The finalists of this year’s Summit Award, which aims to recognise historical board games that have attracted new players or introduced new subjects or perspectives to the hobby, have been revealed.

Stephen Rangazas’ design The British Way: Counterinsurgency at the End of Empire is among four games in the running for this year’s prize, alongside Halls of Hegra by Petter Schanke Olsen, Land and Freedom: The Spanish Revolution and Civil War by Alex Knight, and We Are Coming, Nineveh by Harrison Brewer, Rex Brynen, Juliette Le Ménahèze and Brian Train.

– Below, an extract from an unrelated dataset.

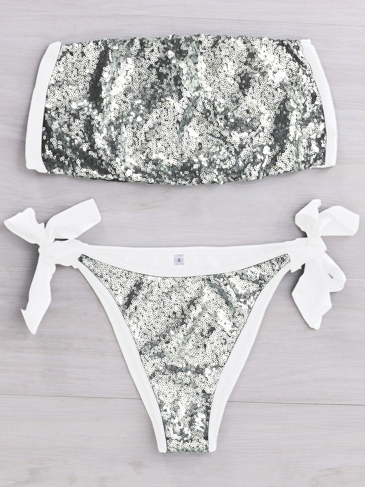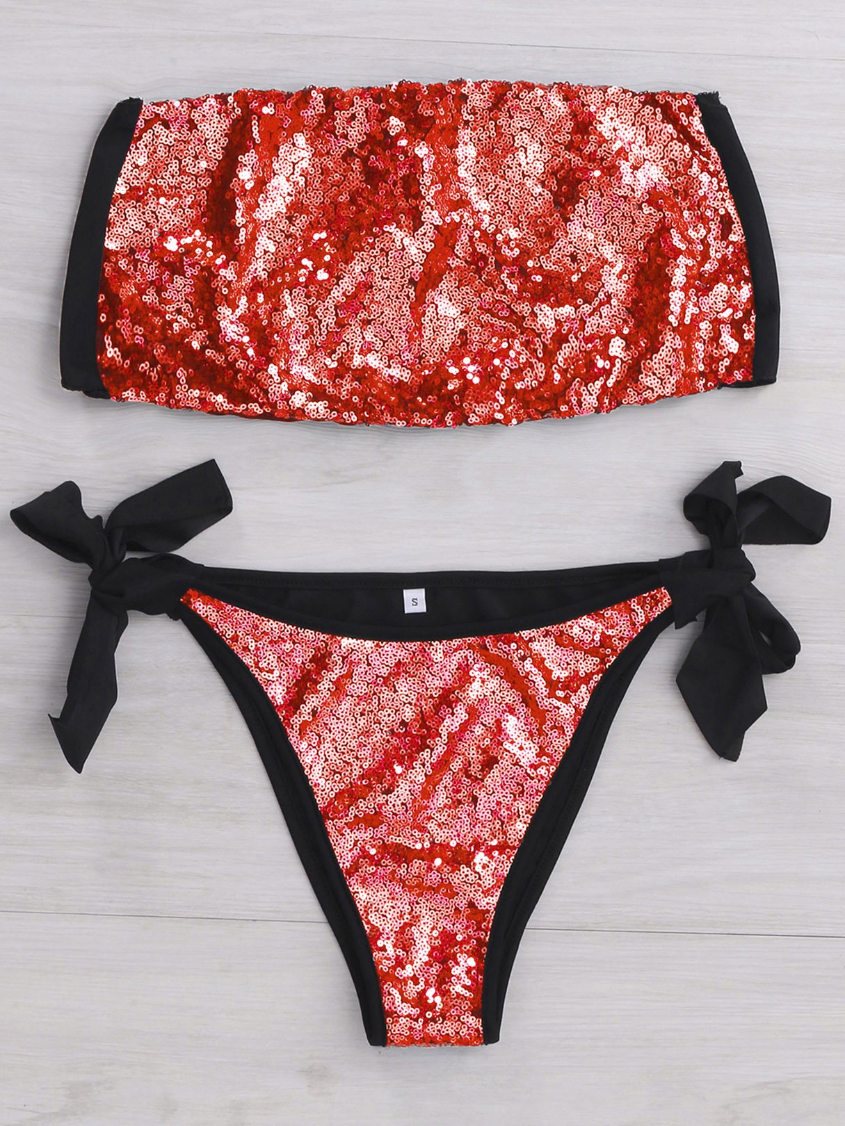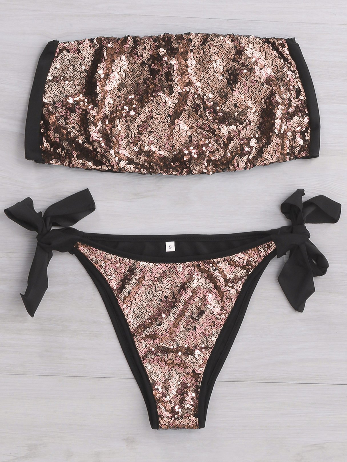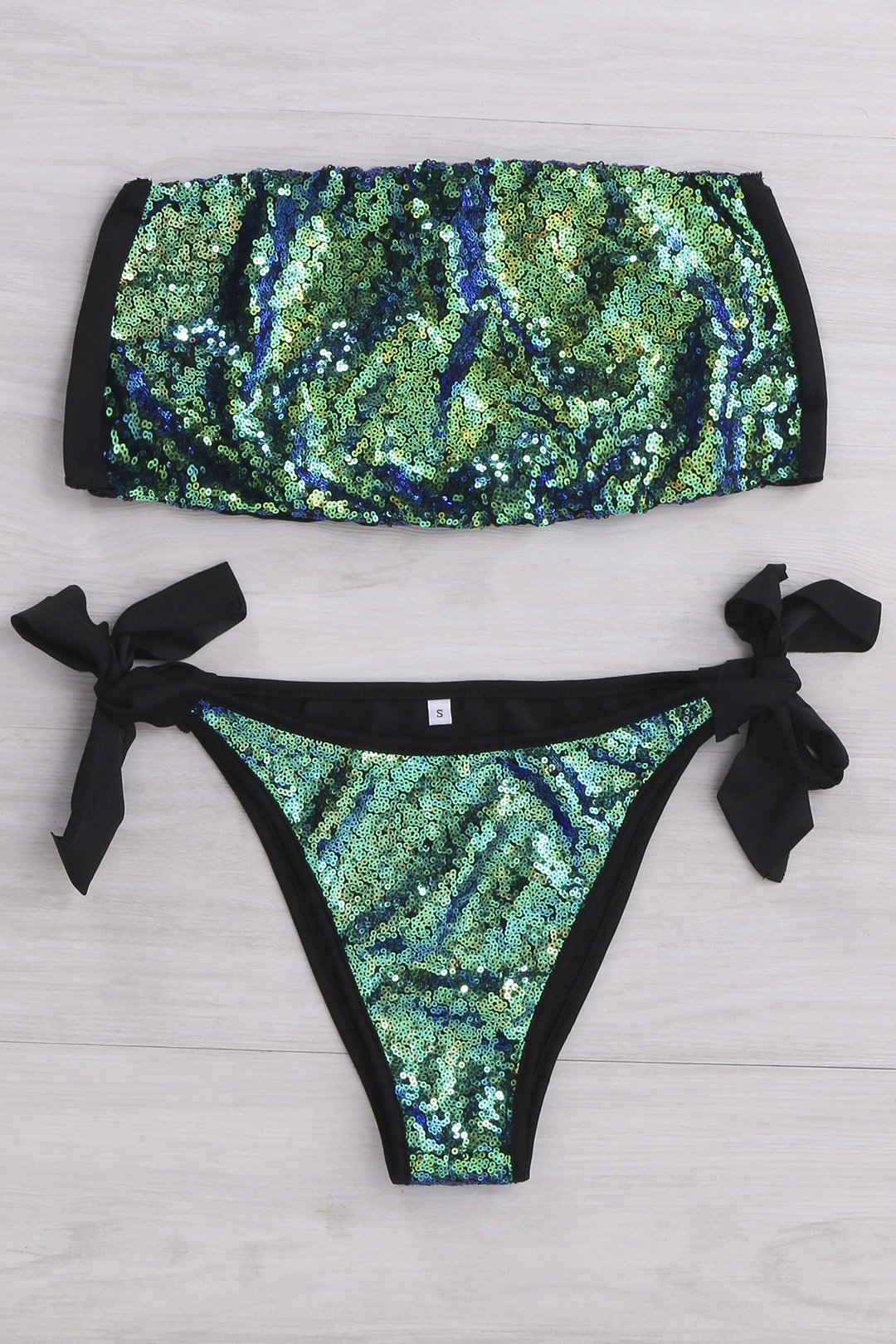 Off The Shoulder Sleeveless Sequins Embellished Bikinis

Those games cover themes including insurgencies around British decolonisation in Palestine, Malaya, Kenya, and Cyprus, Norwegian volunteers fighting numerically-superior German forces in the early days of World War II, disparate factions coalescing to fight fascism in 1930s Spain, and the Iraqi government’s campaign to liberate the western part of Mosul from Daesh forces in 2017.

Halls of Hegra

Honourable mentions for this year’s award went to Paolo Mori’s Match of the Century and Scout Blum design Rising Waters – the latter of which was also nominated for the inaugural Zenobia Award, a trophy that aims to shine a light on diverse historical game designs from creators in marginalised groups.

Match of the Century focuses on the final of the 1972 World Chess Championship between Bobby Fischer and Boris Spassky, while Rising Waters is centred on the flooding of the Mississippi Delta in 1927, which compelled African American families to fight the forces of nature in addition to racism from white landowners.

This is the third year the Summit Award has been handed out, following victories for Fred Serval’s Red Flag Over Paris in 2022 and Tory Brown’s Votes For Women last year.

Red Flag Over Paris is a two-player card-driven game depicting the two months of intense confrontation between the Communards and the government in Versailles during the 1871 Paris Commune, while Votes for Women simulates the political fight for American women’s suffrage between 1848 and 1920.

The award was created by San Diego Historical Games Convention, an organisation which aims to create a diverse and supportive gaming community dedicated to playing, discussing, designing, and promoting historically-based board games.

SDHist, which was launched mainly as a local wargaming group in 2015, is led by wargaming experts including Liberty or Death: The American Insurrection designer Harold Buchanan.

Award nominees are judged on ease of teaching, ease of play, novelty and uniqueness of topic, novelty of approach and effectiveness as a historical game.

All four finalists will now be demoed at the SDHist Summit 2024 Convention between November 8 and 11, with board members, advisors and invited judges then voting on which game will win.

The winner is expected to be announced by the end of this year.